Law Reform Efforts: Domestic Violence in Belarus

Submitted by k.shmacina on Thu, 2016-08-04 14:33
Revised by k.shmacina on Thu, 2016-08-04 14:55

The National Assembly of the Republic of Belarus adopted the Law on the Basis for Prevention of Offenses in January 2014. The Law was elaborated in cooperation with the UNFPA as part of the technical legal assistance program.[1]

The Law imposes additional measures for prevention of domestic conflicts, including registration for preventive control and issuance of a restraining order. [2] 

The Law defines domestic violence as deliberate physical, psychological, sexual abuse towards a family member which results in violation of rights, freedoms, legitimate interests and causes physical and (or) mental sufferings.

The term “family members” includes relatives and other individuals who share household.
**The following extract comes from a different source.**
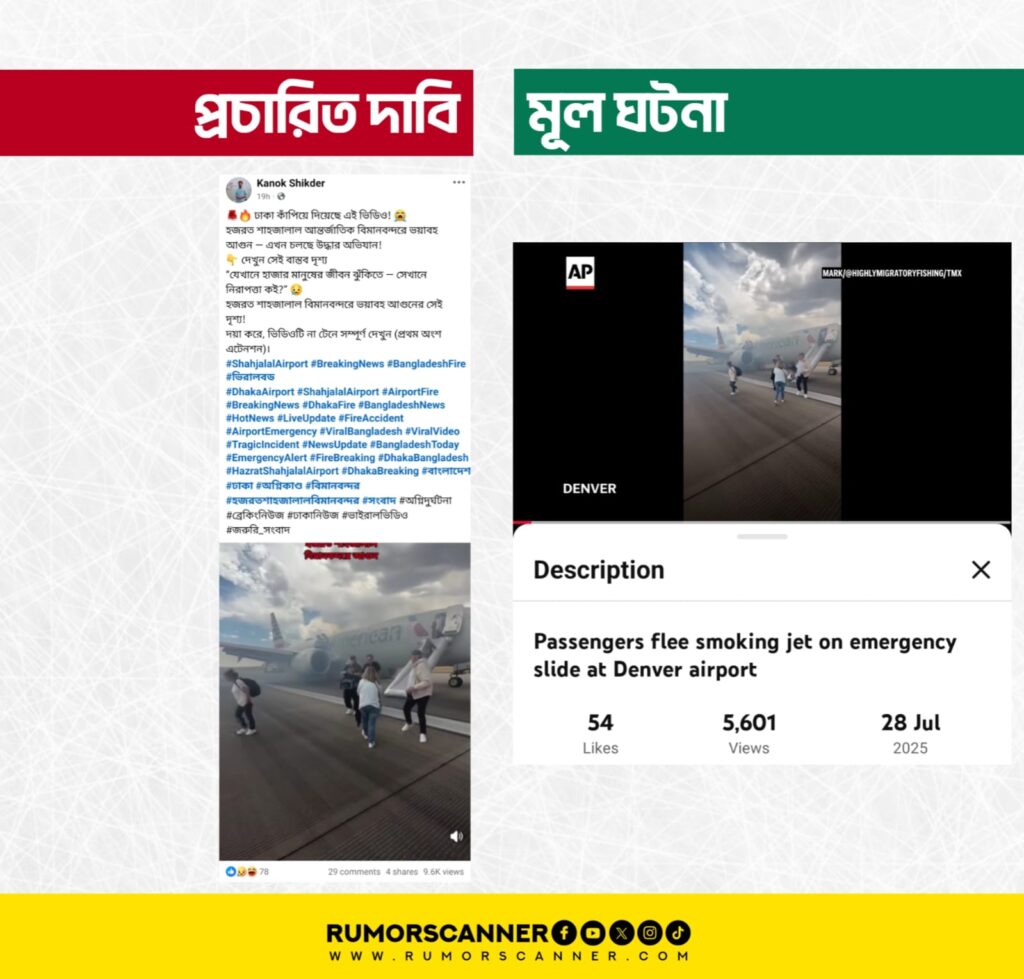 এ বিষয়ে অনুসন্ধানে আন্তর্জাতিক গণমাধ্যম ‘Associated Press’ এর ইউটিউব চ্যানেলে গত ২৮ জুলাই ‘Passengers flee smoking jet on emergency slide at Denver airport’ শিরোনামে প্রচারিত একটি ভিডিও খুঁজে পাওয়া যায়। উক্ত ভিডিওর সাথে আলোচিত দাবিতে প্রচারিত ভিডিওর প্রথম অংশের মিল রয়েছে।
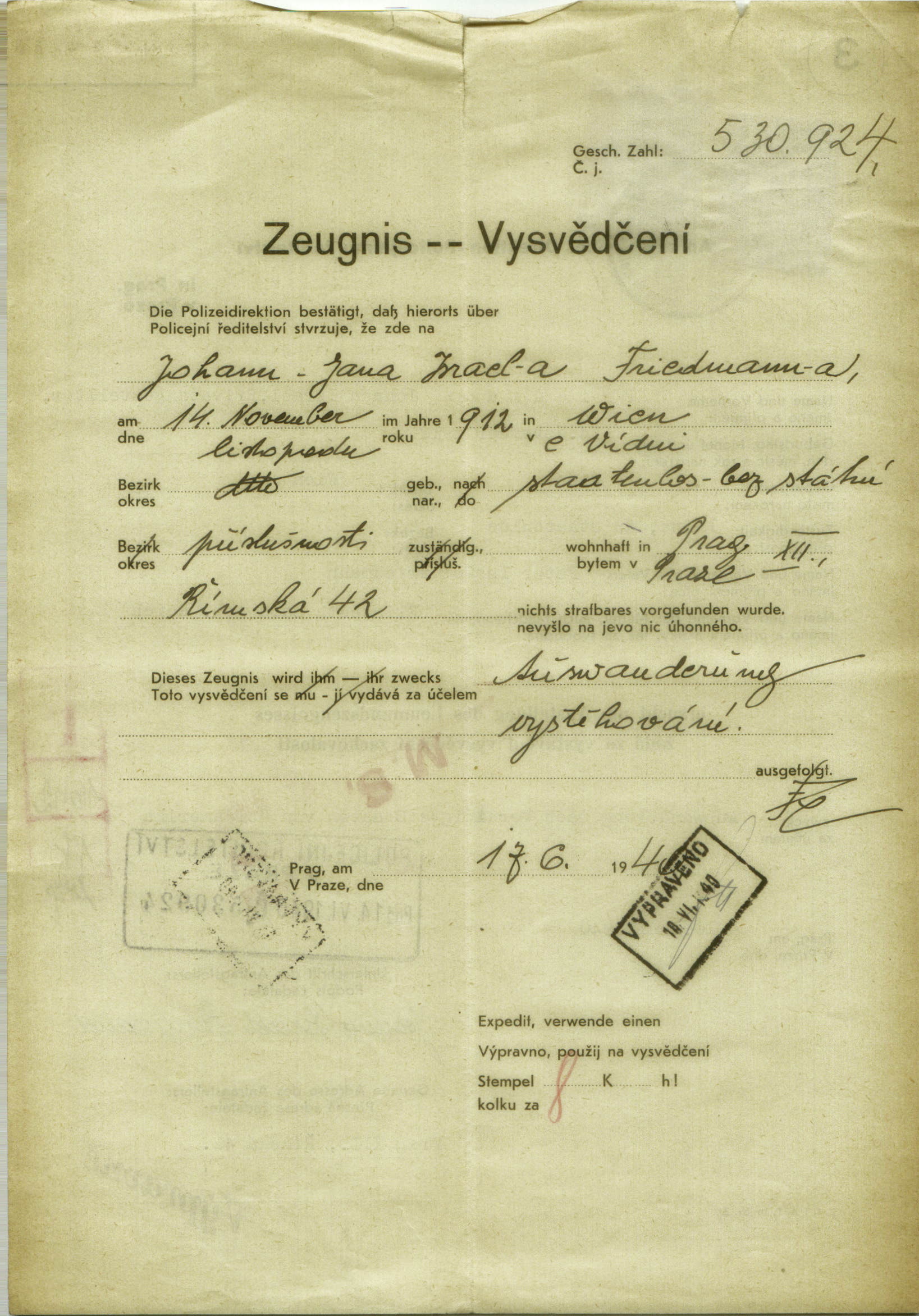 National archives Prague > Police Directorate Prague > 1941-1950 > F > Friedmann Jan

Thus, the law protects not only spouses in registered marriage, but also relatives and other cohabiting individuals.

Application of individual preventive measures is staged and includes preventive conversation, a formal warning, registration for preventive control and issuance of a restraining order.

Registration for preventive control envisages appearing at the police agency when summoned and participating in the conducted prevention activities at least once per month.  If a person registered with the police agency commits a repeated offense against a family member, a restraining order may be issued.

A restraining order is intended to prohibit a domestic violence offender to attempt to find out the whereabouts, to visit or communicate with the victim of domestic violence. A restraining order also ensures the safety of victims finding shelter.

According to a press release issued in February 2016, the Ministry of Internal Affairs advocates for adoption of a special law on prevention of domestic violence. In particular, the new law shall provide rehabilitation mechanism for victims.[3]

Belarusian expert community presented recommendations for the draft law on prevention of domestic violence.[4] Recommendations are based on practical experience of the “Gender Perspectives”, the organization that administers the national domestic violence hotline. The experts suggest 1) to elaborate the definition of domestic violence by including economic abuse and a threat of violence; 2) to expand the scope of law on divorced spouses; 3) domestic violence cases shall be transferred from private to public prosecution, in order to eliminate a connection between the punishment of abuser and victim’s statement.